Monday, February 3, 2020

Singer Touch & Sew 600 - It Chain Stitches!

Well, I have finally ventured into the 600s.  This is a model I've had an eye out for just because it has some unique features.  Like most of the machines I've bought, I never wanted one badly enough to seek it out directly, or pay much for it.  This one, with the cool mid-century cabinet I've been looking for, was $24 at a thrift store.   Couldn't pass that up!

Singer Touch & Sew 600e

The table needs a little work, the top is rough, but I love this mid-century look and it was CHEAP

All the Touch & Sews are not created equal.  The earliest ones, the 600 for sure, have metal gears.  Some of the later 600s "might" have metal gears, and I'm not clear on exactly when the transition to nylon gears was complete but it was somewhere along this line.

If you're not sure, just take a look underneath.  If you see this (below) and the price is in the < $50 range, it might be worth picking up.

This is what you're looking for!  (There is also a top gear set, so you can use a screwdriver to remove the top cover and check those if it's easier.)

This early Touch & Sew is similar in many ways to the 401.  It has the same lifting throat plate (in fact they are interchangeable) and it has a similar stitch selection system except with levers rather than a dial.  If you're used to the 401, you'll be comfortable with this machine.  But there are two unique features that made me want to try the Touch & Sew: chainstitching and the wind-in-place bobbin.

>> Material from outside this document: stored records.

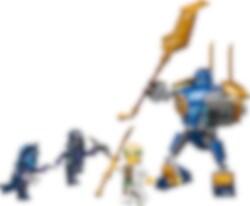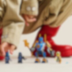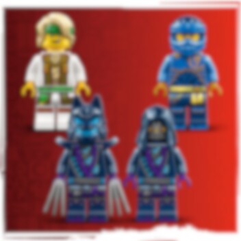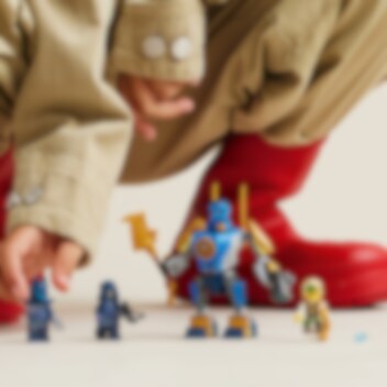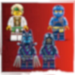 Mit Jays Battle Mech (71805) können Jungen und Mädchen die packenden Actionszenen aus der 2. Staffel der TV-Serie NINJAGO® Aufstieg der Drachen nachspielen. Dieses Ninja-Bauspielzeug beinhaltet einen coolen Mech, der Arme, Beine und Oberkörper bewegen kann, ein großes goldenes Schwert schwingt und mit seinen Shootern feuert. Außerdem enthält dieses Ninja-Spielset 4 NINJAGO Minifiguren und jede Menge Zubehör. Jay ist mit einem goldenen Schwert ausgerüstet, und die Minifigur Lloyd hält 2 goldene Katanas in den Händen. Der Wolfsklauenjäger hat lange Klauen an beiden Händen, und der Wolfswächter trägt eine Armbrust. Die anderen LEGO® NINJAGO Ninja-Bauspielzeuge für Kinder beinhalten Drachen, Fahrzeuge und Tempel, die Fans viele Rollenspieleund Abenteuer mit ihren Helden ermöglichen. Jedes dieser Abenteuer-Spielsets kann auch mithilfe der LEGO Builder App gebaut werden. Die App nimmt dich und dein Kind auf ein einfaches und intuitives Bauabenteuer mit. Ihr könnt 3D-Modellansichten vergröß ern und drehen, Sets speichern und euren Baufortschritt verfolgen.
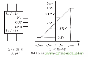 常用的TBC-DS 系列閉環(huán)霍爾電流傳感器的引線框圖和傳輸特性如圖5 所示[6]。圖5(a)所示的霍爾電流傳感器引線中,I+1~3和I-1~3是被測電流的串入繞組引腳, 其中,I+1和I-1是一個被測電流繞組的引腳,I+2和I-2、I+3和I-3也分別各是一個被測電流繞組的引腳。當(dāng)3 個被測電流繞組并聯(lián)時,霍爾電流傳感器的額定測量電流為IPN1; 若將兩個繞組并聯(lián)再與一個繞組串聯(lián)時,霍爾電流傳感器的額定測量電流為IPN2;若將3 個繞組相互串聯(lián)時,霍爾電流傳感器的額定測量電流為IPN3。3 個額定測量電流間的關(guān)系為:IPN1=2 IPN2=3 IPN3??梢姡ㄟ^3 組被測電流繞組的不同接法,可以改變霍爾電流傳感器的額定測量電流值,擴(kuò)展測量區(qū)間。VCC為電源引腳,電源電壓通常為5 V;GND 是電源和傳感器輸出電壓的地;OUT 是傳感器電壓輸出引腳。由5(b)所示的霍爾電流傳感器傳輸特性可見,當(dāng)被測電流為0 時,其輸出電壓UOUT =2.5 V;當(dāng)被測電流不為0 且方向為從I+至I-時,輸出電壓UOUT>2.5 V,當(dāng)被測電流不為0 且方向為從I-至I+時,輸出電壓UOUT<2.5 V。IPN和-IPN是霍爾傳感器的正負(fù)額定電流, 當(dāng)被檢測電流達(dá)到額定電流時,根據(jù)電流方向的不同,輸出電壓UOUT 的值分別為3.125 V 或1.875 V, 即相對于2.5 V 的中心值有±0.625 V的偏移。當(dāng)被檢測電流值絕對值大于IPN 時,霍爾傳感器仍可輸出與被檢測電流成線性關(guān)系的電壓值,直至被檢測電流達(dá)到霍爾傳感器的最大檢測電流IPmax。通常,IPmax>3 IPN。
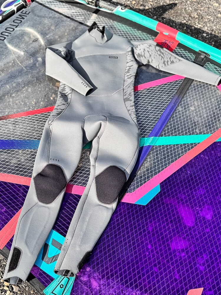 The small ‘battens’ on the ankles (AKA Water Defender Legs) seem to work well, I was quite surprised by the effectiveness of this innovation. I tried sailing without the (included) ankle straps and suffered no ’elephant leg’. Not having straps to put on and take off at the end of a long session is very welcome. Plus, if you have ever got your wetsuit nearly off your legs only to remember the ankle straps are still on, you see the advantage of going strap-free! A couple of spare leg battens are included too.
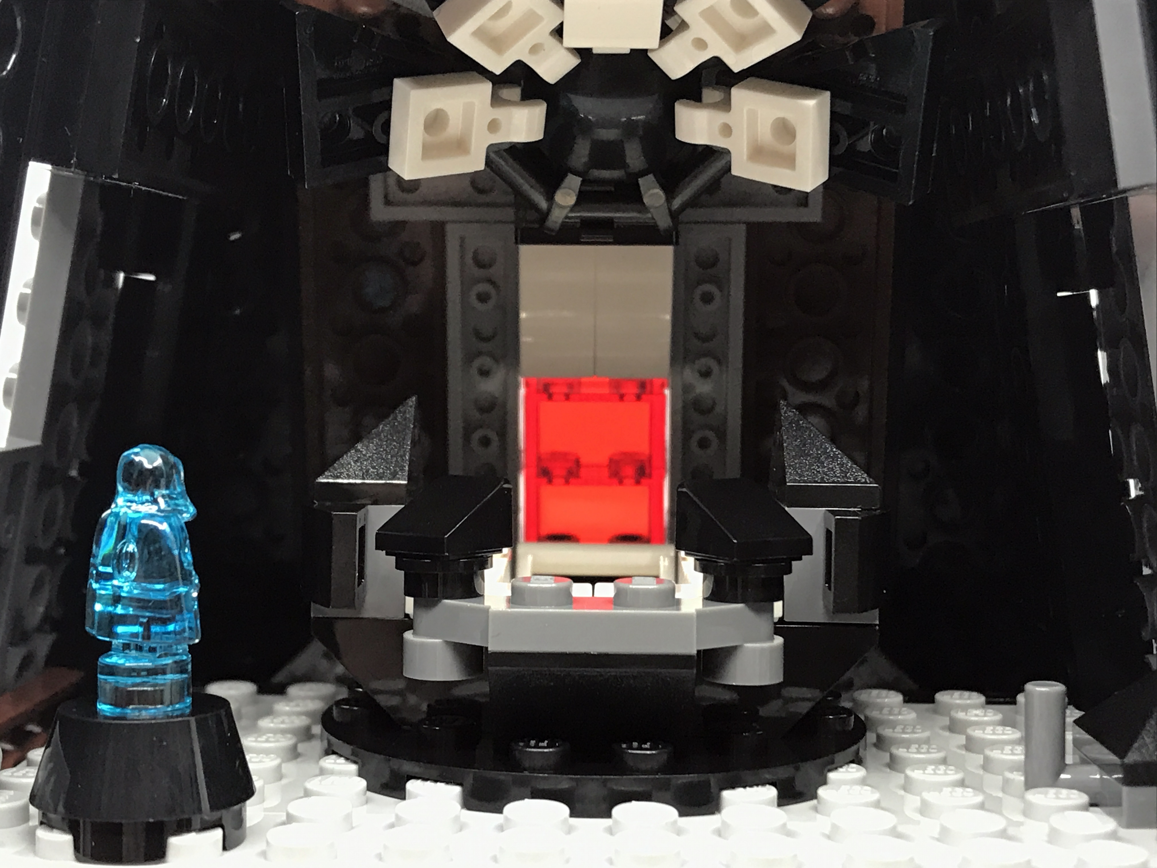 영화 <제국의 역습>에 나온 명상실처럼 천장이 올라가는 구조입니다. 평소에 헬멧을 벗을 수 없는 다스 베이더가 헬멧을 벗을 수 있는 유일한 공간이지요. 레전드에서 묘사되기론, 개인 명상실에는 스프와 같은 간단식을 먹을 수 있는 것으로 묘사되었습니다.
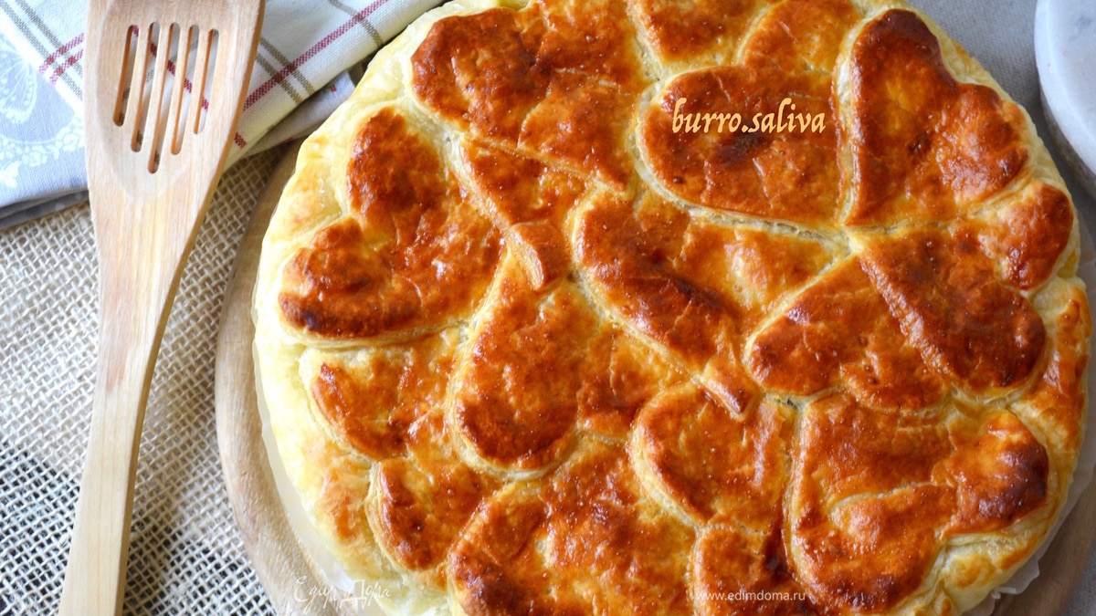 В форму для выпечки (у меня круглая, 28 см диаметром, но можно взять и прямоугольную) выложить пласт слоеного теста (у меня готовое). Наколоть тесто вилкой и выложить сверху начинку, разровнять. - Шаг 7

    Self-winding bobbin in Touch & Sew

 This is pretty cool, and easy to do.  A caveat:  the bobbin must be empty when you wind it.  It unscrews into two parts so you can easily pop out the old thread rather than do the long, tedious unwind.  On the other hand, you don't have to worry about releasing the clutch on the hand wheel to wind your bobbin, you don't even have to take it out of the machine at all!

Then there is the chain stitching feature which I've been wanting to try.

Chain stitching on the Touch & Sew

Will I ever actually USE chain stitching?  I highly doubt it.  But I still wanted to give it a try just to say I can.  I could use it for fitting muslins (which I never even do, BTW!)  Or maybe it would come in handy for costuming when you want temporary fitting seams to accommodate various people.  It would be great for basting except that there are several steps you have to take to set the whole thing up so you'd only bother to do it for a big job.  Anyway, my little video shows how you do all that.

As for fixing it up, this machine either works or it doesn't (as far as I'm concerned) so there was only some cleaning and cosmetic fixes.  One thing you'll always find is that the rubber pads that went on the spool holder are rotten and crumbling which is messy and ugly.  Maybe you could find replacements, but I had the thin foam sheets that you use between plates when you're wrapping them, and I just cut out circles and glued them in.  Not a perfect fix, but serviceable.
Plate wrapping sheets, better than nothing!


I'll mention that I do like the horizontal spool pins because the thread unwinds so much more evenly and you never get that dreaded little "catch" like you sometimes get on vertical spool pins.

This seems to sew just as well as its immediate slant shank predecessors (the 400/500 Slant-O-Matics) and could probably be interchangeable with those machines for the most part.